Over dinner in a warm obscure little restaurant she said, ‘I’m sorry about your father, Henry.’
‘Yes...’ Her sympathy made me feel a fraud. I had tried to grieve for him, and had recognised that my only strong emotion was an aversion to being called by his name. I wished to remain myself. Relations and family solicitors clearly took it for granted, however, that having sown a few wild oats I would now settle down into his pattern of life. His death, if I wasn’t careful, would be my destruction.
‘I was pleased to get your letter,’ Gabriella said, ‘because it was awful when you didn’t come with the horses. I thought you had changed your mind about me.’
‘But surely Simon explained?’
‘Who is Simon?’
‘The big fat bald man who went instead of me. He promised to tell you why I couldn’t come, and to give you a bottle...’ I grinned, ‘a bottle of pills.’
‘So they were from you!’
‘Simon gave them to you. I suppose he couldn’t explain why I hadn’t come, because he doesn’t know Italian. I forgot to tell him to speak French.’
She shook her head.
‘One of the crew gave them to me. He said he’d found them in the toilet compartment just after they had landed, and he brought them across to see if I had lost them. He is a tall man, in uniform. I’ve seen him often. It was not your bald, fat Simon.’
‘And Simon didn’t try to talk to you at all?’
‘No.’ She shook her head. ‘I don’t think so. I see hundreds of bald fat travellers, but no one tried to speak to me about you.’
‘A friendly big man, with kind eyes,’ I said. ‘He was wearing a frightful old green corduroy jacket, with a row of pins in one lapel. He has a habit of picking them up.’
She shook her head again. ‘I didn’t see him.’
Simon had promised to give her my message and the bottle. He had done neither, and he had disappeared. I hadn’t liked to press Yardman too hard to find out where Simon had got to because there was always the chance that too energetic spadework would turn up the export bonus fraud: and I had vaguely assumed that it was because of the fraud that Simon had chosen not to come back. But even if he had decided on the spur of the moment to duck out, he would certainly have kept his promise to see Gabriella. Or didn’t a resuscitated friendship stretch that far?

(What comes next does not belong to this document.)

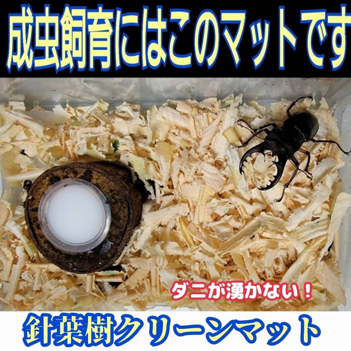 (写真添付欄に画像を10枚載せてありますのでご覧下さいませ) カブトムシやクワガタの成虫管理には明るい色の針葉樹マットが断然良いです! 一般的な昆虫マットは黒っぽい色なので飼育ケース内が暗くなってしまい、同じような色のカブトムシやクワガタは目立たなくなってしまいます。 その点、針葉樹マットは明るいクリーム色ですので、飼育ケース内がパッと明るくなり、クワガタ、カブトムシと対照的な色合いのため生体が栄えてかっこ良く見えハッキリ観察できます!

‘What’s the matter?’ Gabriella asked.
I explained.
‘You are worried about him?’
‘He’s old enough to decide for himself...’ But I was remembering like a cold douche that my predecessor Peters hadn’t come back from Milan, and before him the liaison man Ballard.

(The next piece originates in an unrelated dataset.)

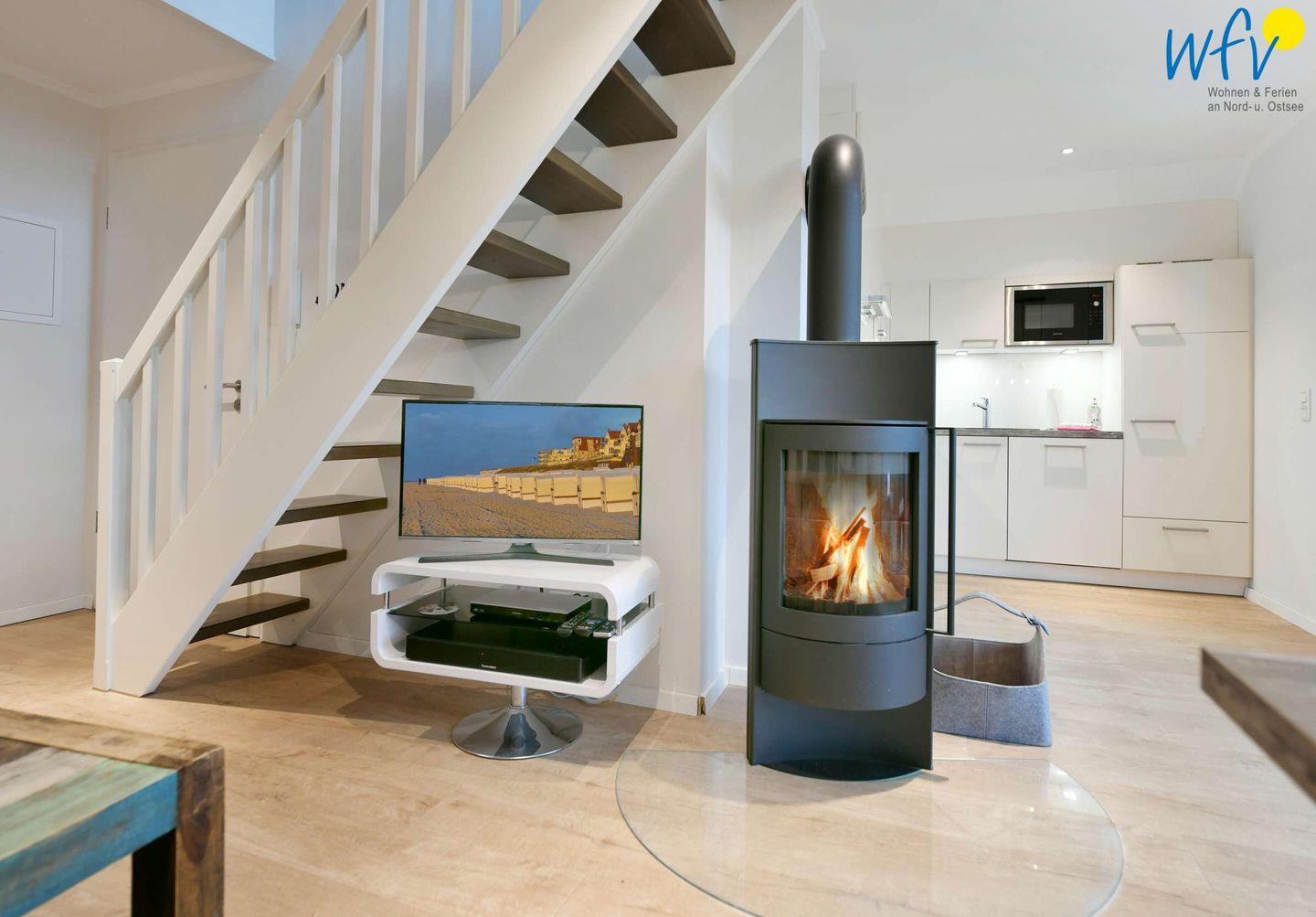 Exklusive Ferienwohnung mit Strandblick, Balkon, Kaminofen und moderner Ausstattung

‘Tomorrow morning,’ she said firmly, ‘you will go back to Milan and find him.’
‘I can’t speak Italian.’
‘Undoubtedly you will need an interpreter,’ she nodded. ‘Me.’

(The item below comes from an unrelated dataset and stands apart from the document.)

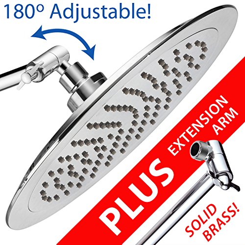 GREAT HOLIDAY GIFT PACK! Includes Mega Size 9-inch Chrome Face Round Rainfall Shower Head with 105 rub-clean jets PLUS Solid Brass 11 Inch Height and Angle Adjustable Extension Arm ($14.99 Value). Luxurious Rainfall Spa Shower Experience just got even better with opportunity to set your shower at Perfect Height, Angle and Easy Reach!

‘The best,’ I agreed, smiling.
We walked companionably back to the hotel.
‘Were the pills all right?’ I asked.
‘Perfect, thank you very much. I gave them to the wife of our baker... She works in the bakery normally, but when she gets pregnant she’s always sick for months, and can’t stand the sight of dough, and he gets bad-tempered because he has to pay a man to help him instead. He is not a good Catholic.’ She laughed. ‘He makes me an enormous cake oozing with cream when I take the pills.’